§ **Your instructions**
Output, exactly as written, the lines below starting at the line containing "The Guianan marine" and ending at the line containing "Turkish engraved brass". Drop the pictures and keep both end lines.

———

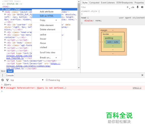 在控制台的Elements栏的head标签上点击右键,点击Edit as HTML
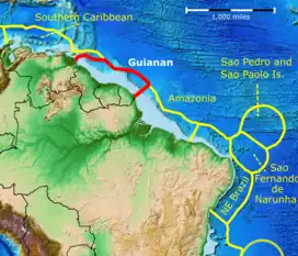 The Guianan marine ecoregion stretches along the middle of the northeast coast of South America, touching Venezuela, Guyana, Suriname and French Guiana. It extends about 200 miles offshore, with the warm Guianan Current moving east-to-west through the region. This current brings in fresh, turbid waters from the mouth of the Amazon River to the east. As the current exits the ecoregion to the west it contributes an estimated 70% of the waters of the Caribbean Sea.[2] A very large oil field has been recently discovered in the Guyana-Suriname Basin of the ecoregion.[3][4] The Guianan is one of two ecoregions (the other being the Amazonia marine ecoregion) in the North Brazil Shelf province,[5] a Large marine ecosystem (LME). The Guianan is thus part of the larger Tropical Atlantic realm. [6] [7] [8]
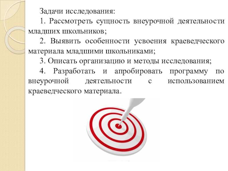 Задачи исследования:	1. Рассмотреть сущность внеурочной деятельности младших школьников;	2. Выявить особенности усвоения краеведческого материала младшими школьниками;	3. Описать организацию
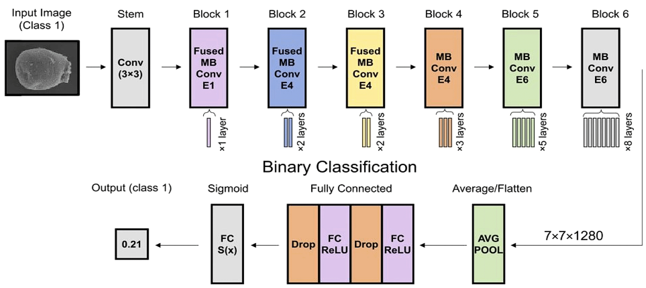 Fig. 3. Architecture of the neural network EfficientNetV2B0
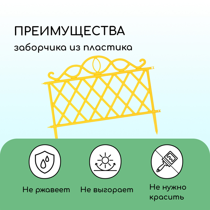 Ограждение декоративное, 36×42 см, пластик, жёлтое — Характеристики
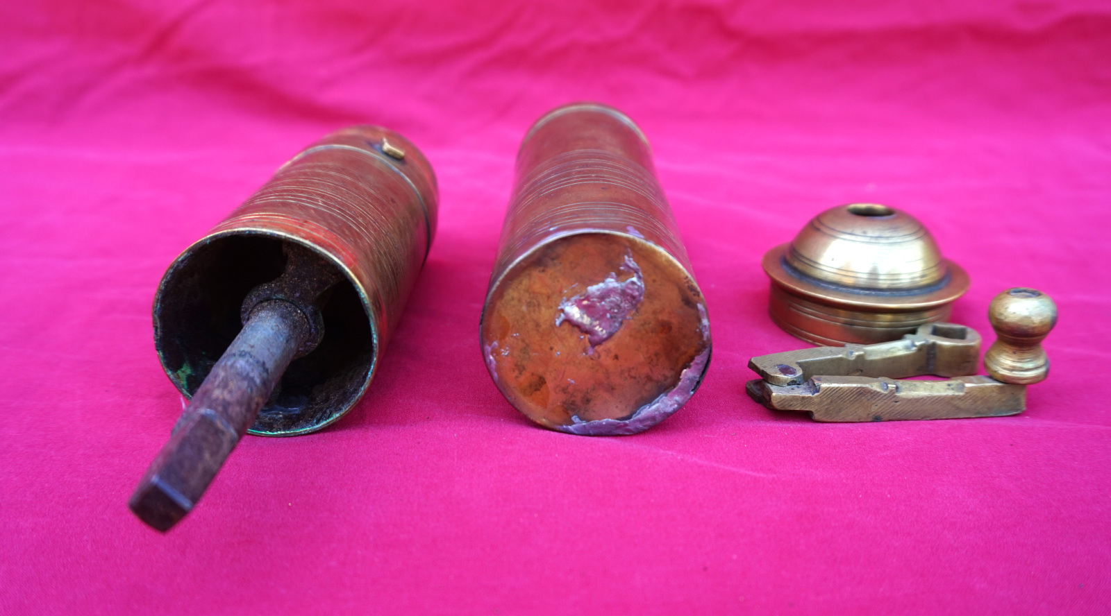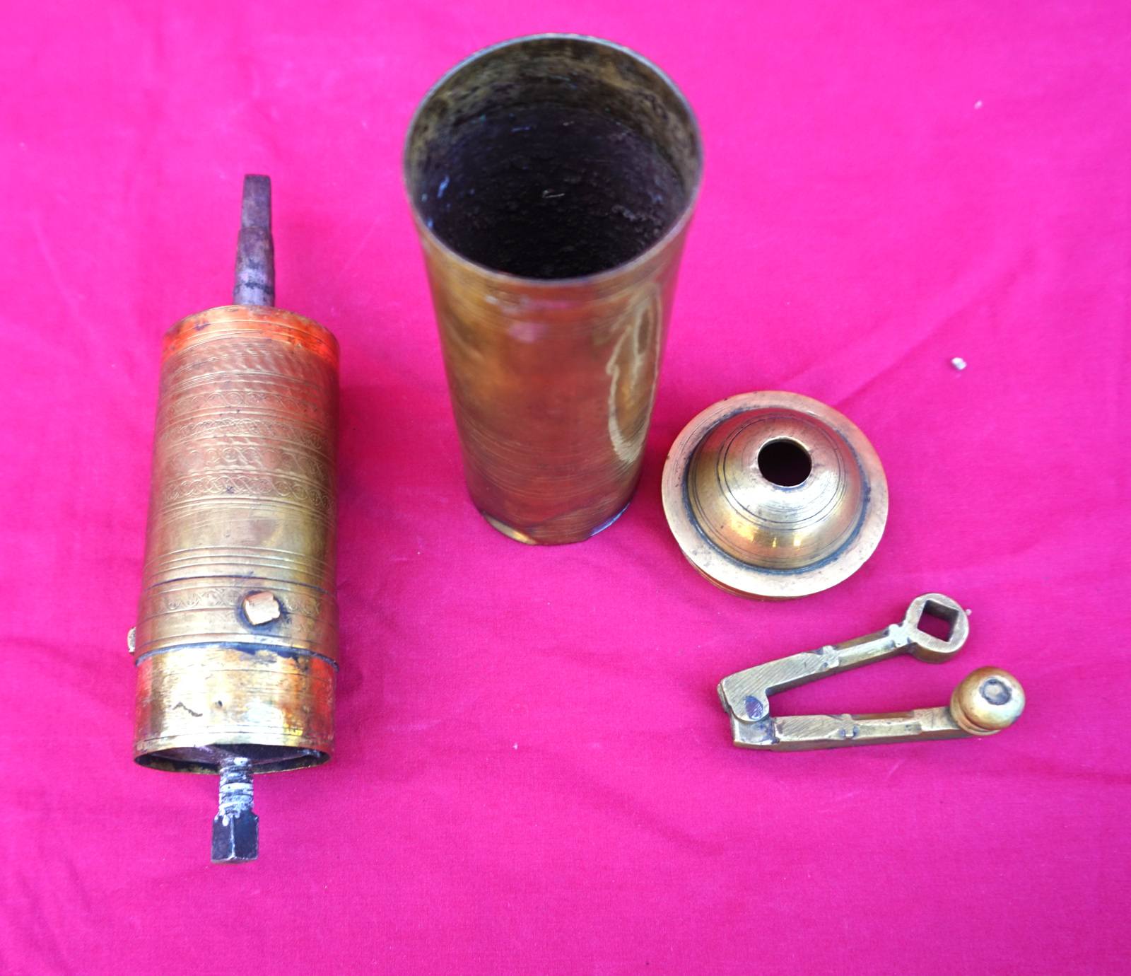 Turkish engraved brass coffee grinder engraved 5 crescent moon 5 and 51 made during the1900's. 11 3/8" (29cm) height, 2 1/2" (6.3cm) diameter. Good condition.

———

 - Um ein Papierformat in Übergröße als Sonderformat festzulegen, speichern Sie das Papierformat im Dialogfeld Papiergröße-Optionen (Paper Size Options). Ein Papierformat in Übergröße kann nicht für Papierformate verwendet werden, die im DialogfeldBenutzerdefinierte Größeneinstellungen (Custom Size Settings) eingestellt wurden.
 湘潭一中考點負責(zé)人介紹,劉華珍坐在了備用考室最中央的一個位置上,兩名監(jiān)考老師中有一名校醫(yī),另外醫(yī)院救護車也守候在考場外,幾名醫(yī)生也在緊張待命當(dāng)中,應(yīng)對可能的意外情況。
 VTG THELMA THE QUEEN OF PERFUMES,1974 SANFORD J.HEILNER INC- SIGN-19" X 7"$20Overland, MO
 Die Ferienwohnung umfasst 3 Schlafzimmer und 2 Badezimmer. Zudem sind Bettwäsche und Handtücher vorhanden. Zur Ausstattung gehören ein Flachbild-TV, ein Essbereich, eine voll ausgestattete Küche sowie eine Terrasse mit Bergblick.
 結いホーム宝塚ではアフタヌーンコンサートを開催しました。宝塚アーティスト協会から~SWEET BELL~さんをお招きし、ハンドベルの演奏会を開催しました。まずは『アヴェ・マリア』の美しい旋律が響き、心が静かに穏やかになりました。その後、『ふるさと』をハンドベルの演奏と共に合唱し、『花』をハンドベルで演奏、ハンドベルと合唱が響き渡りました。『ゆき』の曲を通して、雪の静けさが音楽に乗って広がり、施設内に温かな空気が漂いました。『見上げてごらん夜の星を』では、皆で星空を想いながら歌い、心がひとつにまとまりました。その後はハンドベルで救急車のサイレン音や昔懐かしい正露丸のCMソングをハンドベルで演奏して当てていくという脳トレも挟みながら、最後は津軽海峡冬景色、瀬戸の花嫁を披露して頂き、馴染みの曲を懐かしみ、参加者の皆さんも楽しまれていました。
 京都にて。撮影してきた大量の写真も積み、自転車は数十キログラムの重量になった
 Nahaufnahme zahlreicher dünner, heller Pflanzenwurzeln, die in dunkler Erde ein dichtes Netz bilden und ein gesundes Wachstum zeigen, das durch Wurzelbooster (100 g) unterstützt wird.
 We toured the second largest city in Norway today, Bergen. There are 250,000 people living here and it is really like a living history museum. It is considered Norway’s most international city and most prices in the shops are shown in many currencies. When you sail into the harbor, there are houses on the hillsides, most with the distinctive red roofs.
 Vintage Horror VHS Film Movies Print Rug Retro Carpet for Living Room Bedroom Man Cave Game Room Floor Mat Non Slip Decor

———

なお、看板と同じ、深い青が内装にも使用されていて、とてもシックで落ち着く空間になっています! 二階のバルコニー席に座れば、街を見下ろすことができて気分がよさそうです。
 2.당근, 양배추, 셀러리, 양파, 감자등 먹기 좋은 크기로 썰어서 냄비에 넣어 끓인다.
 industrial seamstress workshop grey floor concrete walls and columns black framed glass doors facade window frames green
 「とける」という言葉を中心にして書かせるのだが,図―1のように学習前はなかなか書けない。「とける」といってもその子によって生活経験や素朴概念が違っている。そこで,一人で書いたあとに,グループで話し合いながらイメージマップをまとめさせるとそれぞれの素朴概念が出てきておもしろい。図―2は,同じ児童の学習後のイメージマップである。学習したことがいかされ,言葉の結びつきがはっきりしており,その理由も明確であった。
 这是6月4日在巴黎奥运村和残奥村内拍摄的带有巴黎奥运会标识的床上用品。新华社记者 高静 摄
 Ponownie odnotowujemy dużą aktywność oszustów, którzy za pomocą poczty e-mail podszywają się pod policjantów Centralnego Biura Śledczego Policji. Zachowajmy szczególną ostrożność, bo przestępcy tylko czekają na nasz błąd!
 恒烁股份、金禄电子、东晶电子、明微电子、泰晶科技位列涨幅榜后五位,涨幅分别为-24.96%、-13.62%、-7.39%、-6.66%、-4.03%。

———

§ **Answer space**
 The Guianan marine ecoregion stretches along the middle of the northeast coast of South America, touching Venezuela, Guyana, Suriname and French Guiana. It extends about 200 miles offshore, with the warm Guianan Current moving east-to-west through the region. This current brings in fresh, turbid waters from the mouth of the Amazon River to the east. As the current exits the ecoregion to the west it contributes an estimated 70% of the waters of the Caribbean Sea.[2] A very large oil field has been recently discovered in the Guyana-Suriname Basin of the ecoregion.[3][4] The Guianan is one of two ecoregions (the other being the Amazonia marine ecoregion) in the North Brazil Shelf province,[5] a Large marine ecosystem (LME). The Guianan is thus part of the larger Tropical Atlantic realm. [6] [7] [8]
 Задачи исследования:	1. Рассмотреть сущность внеурочной деятельности младших школьников;	2. Выявить особенности усвоения краеведческого материала младшими школьниками;	3. Описать организацию
 Fig. 3. Architecture of the neural network EfficientNetV2B0
 Ограждение декоративное, 36×42 см, пластик, жёлтое — Характеристики
 Turkish engraved brass coffee grinder engraved 5 crescent moon 5 and 51 made during the1900's. 11 3/8" (29cm) height, 2 1/2" (6.3cm) diameter. Good condition.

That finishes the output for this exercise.